The conflict reflected in Hosea, therefore, is primarily an internal one: a debate about the integrity of YHWHism itself. As heated as interreligious debates can get, intra-religious debates can be far more contentious. In interreligious disagreement, boundaries between one religion and another are drawn fairly rigidly. Power dynamics become more complex when the debate is internal in nature. When the question is not ‘How will we advance the cause of the Israelites against that of group X?’ but is instead ‘What does it mean to be an Israelite?’ all sorts of questions are necessarily on the line: What is the nature of YHWH’s covenant? How will we insist on conformity to societal standards? Who has the power (political, religious, or otherwise) to decide how to worship YHWH rightly? Studying Hosea’s answers to these questions can bring us to a greater understanding of the internal coherence of Israelite religion in the 8th century BCE.

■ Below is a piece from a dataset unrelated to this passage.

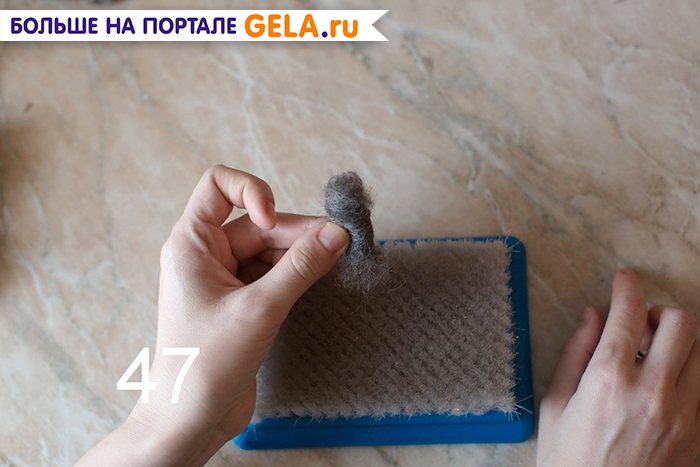 Шаг 36. На щетке проходим грубой иглой с двух сторон несколько раз, формируя плотные ушки.

Spencer L. Allen argues that various Akkadian and Northwest Semitic deities’ first names are best interpreted not as proper names, but as categorical labels that mask the deities’ real first names. He lists Ba’al (‘master’ or ‘lord’) and Ishtar (‘goddess’) as examples: ‘Because Ba’al can be interpreted as a common noun that serves as a title rather than a name, many scholars accept that there were independent and distinct Ba’al deities who should not be identified with either the Mesopotamian storm-god Adad or the Levantine storm-god Hadad’. If Allen is correct, and ‘ba’al’ was understood as a categorical label rather than a personal name in 8th-century Israel, then surely the Israelites would have seen no contradiction in calling YHWH ‘my Ba’al’. Far from idolatry, this could have been seen as praise of the uniquely all-powerful YHWH. Plentiful evidence from both biblical and extra-biblical sources suggests that ‘ba’al’ did not always refer to idol worship throughout the history of Israel. The term often simply means ‘lord’ or ‘master’. J. Andrew Dearman suggests that extra-biblical Iron Age inscriptions, particularly Phonecian and Punic texts, should be given methodological priority when assessing the semantics of ‘ba’al’ in Hosea. He finds that ‘These inscriptions demonstrate a plurality of deities, both male and female, who are addressed with the appellative Baal’ (p. 615).
What Hosea condemned was not idolatrous worship of Ba’al Hadad of Ugarit, but incorrect worship of YHWH. He did not pit Baalism against YHWHism as two different religions vying for Israelite loyalty, but called Israel back to a greater appreciation for the covenantal aspect of her own religion. He was no mere social agitator, but a prophet. To worship in such a way that maligned the significance of the covenant for Israelite religion was, for Hosea, to forfeit Israelite identity altogether. It was no better than acting as an adulterous wife. What we see in Hosea 2.16-17 is a prophet desperately pleading for his people to live and worship in congruency with their professed identity as the chosen and covenanted people of God (p. 621).